8.10.2008

שיפודים

we just got back from a bukharian שיפודים restaurant near our apartment. (click here to see their menu - with some pictures).

שיפודים (shipudim) are meat skewers, of either kebob (lamb mixed with beef), chicken, turkey, chicken liver, chicken hearts, beef "eggs" (use your imagination), fatty lamb, and some other things i had problems translating. there were also lots of bukharian dishes on the menu, most of which seemed to have been various combinations of meat and rice, some with carrots. (it's not easy to decipher the names of food written in bukharian with hebrew letters).

bukharian cuisine consists of:
many unique dishes, distinctly influenced by ethnic dishes historically and currently found along the Silk Road and many parts of Central and even Southeast Asia. Shish kabob, or shashlik, as it is often referred to in Russian, are popular, made of chicken, beef or lamb. Pulled noodles, often thrown into a hearty stew of meat and vegetables known as lagman, are similar in style to Chinese lamian, also traditionally served in a meat broth. Samsa, pastries filled with spiced meat or vegetables, are baked in a unique, hollowed out tandoor oven, and greatly resemble the preparation and shape of Indian samosas.
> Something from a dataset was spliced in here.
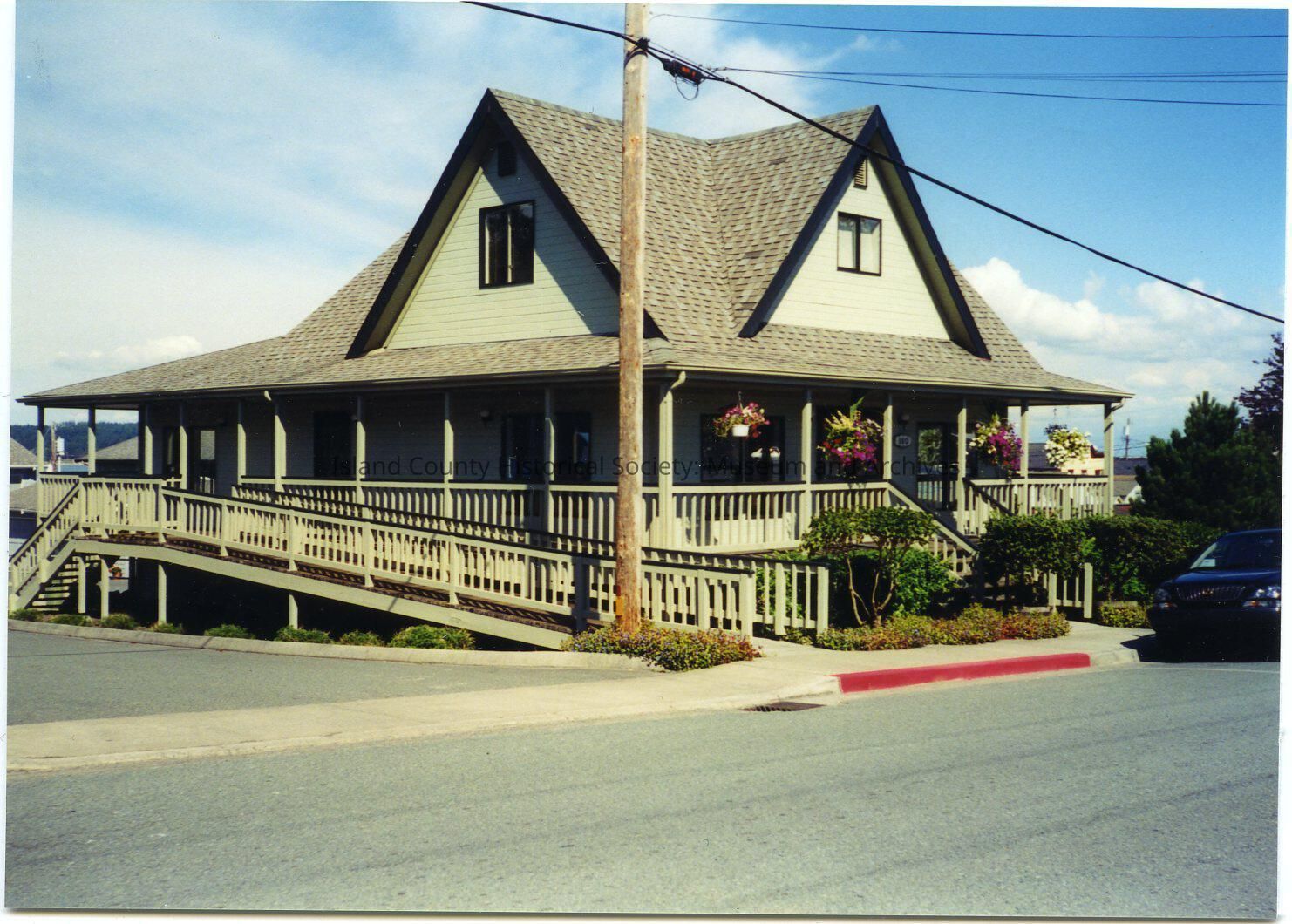 Photo of a two-story house, porch around at least three side, ramp on the right and stairs going down in the back as well as stairs to the front door. It was originally on Front Street and was moved to this location on Coveland Street across from the Post Office, about 1916. It is green with green trim. It is now law offices. It is 180 NW Coveland Street.Made/Created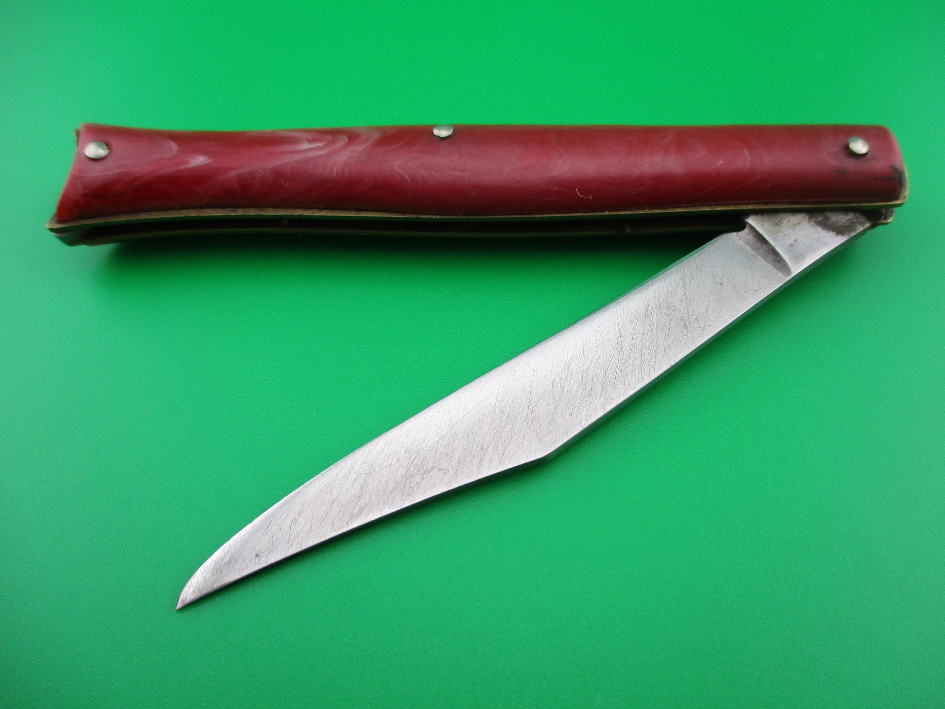 z Edgemaster Fishtail 1950s Vintage Red swirl handles

Plov is a very popular slow cooked, cumin-spiced rice dish, sporting carrots, and in some varieties, chick peas, and often topped with beef or lamb. Most Bukharian communities still produce their traditional breads of old: one being Leeployshka, a circular bread with a flat center, topped with black and regular sesame seeds, and the other, called Non Toki, bears the dry and crusty features of traditional Jewish matzah, but with a distinctly wheatier taste.
everything came with many different kinds of salads, some of which were very spicy. all in all, a good way to celebrate the 10th of av.